Un consiglio durato meno di un’ora e per il quale forse ci si aspettava un minimo di dibattito in piú che in realtà non c’é stato. Dopo la relazione di Simona Scarcella, responsabile dell’ufficio finanziario infatti, soltanto Donato Dalbis, presente in sala insieme ad Anna Maria Stanganelli, Patrizia Eusapia Ritrovato e il vicepresidente Angelo Guerrisi, ha fatto una breve dichiarazione di voto, puntando sulla formazione delle commissioni.

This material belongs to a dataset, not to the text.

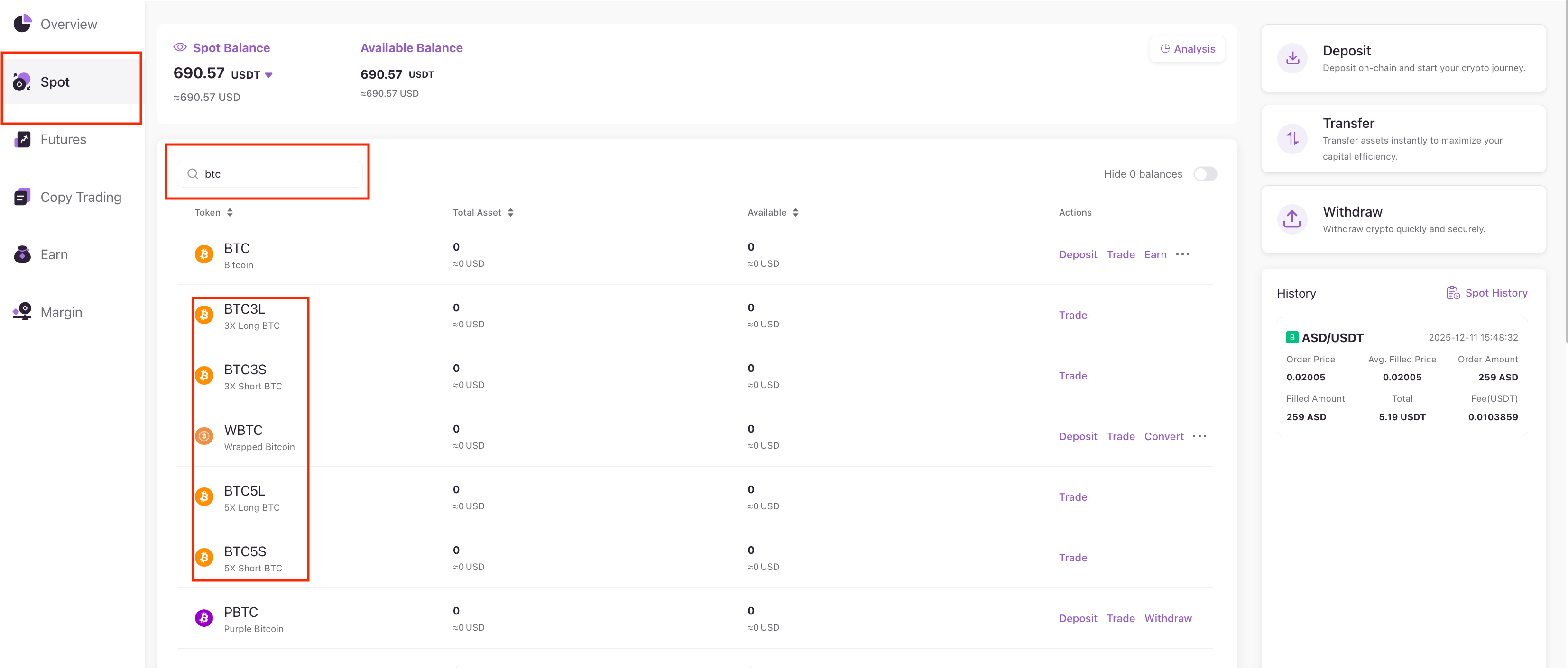 Like spot trading, users can directly trade leveraged tokens on the spot markets.

“Un bilancio positivo sia i termini finanziari che di cassa, – ha spiegato la Scarcella – con un avanzo complessivo di un milione 992mila euro nel primo caso, e di quasi 53 mila euro nel secondo. Essendo poi stato riconosciuto come comune virtuoso, – ha aggiunto – abbiamo potuto usufruire di nuovi spazi finanziari. Circa un milione di euro é stato investito nei servizi sociali, restituiti sotto forma di servizi ai cittadini più bisognosi”.

La Scarcella ha inoltre fatto riferimento all’ufficio tributi. “Mille e cento preavvisi di sospensione acqua potabile sono stati mandati. E siamo passati da un introito del 5 al 37 per cento. Non solo. – ha concluso – Nel 2012 il comune, attraverso la cassa depositi e prestiti ha contratto un mutuo di 650mila euro per la ristrutturazione della caserma dei carabinieri”.

Tre i punti all’ordine del giorno. Il secondo, il “Regolamento disciplinante le manomissioni del suolo pubblico”, relazionato dal vicesindaco Jacopo Rizzo, é passato sempre con i quattro voti contrari della minoranza.

Mentre all’unanimità é stato infine approvato l’ultimo punto, ovvero i “Piani di azione di energia sostenibile”, per il quale é intervenuto Bellofiore.

“Gioia Tauro ha aderito al “Patto dei Sindaci” redatto da Calabria2020 – ha esordito – l’iniziativa della Commissione Europea volta a ridurre le emissioni di Co2 di oltre il 20 per cento al 2020 rispetto al 2008, mediante programmi di efficienza energetica e ricorso alle energie rinnovabili.

Tutti gli interventi effettuati, – ha aggiunto – dovranno essere mandati entro il 9 maggio alla comunità europea per poter usufruire finanziamenti in grado di migliorare la situazione eco sostenibile della città.”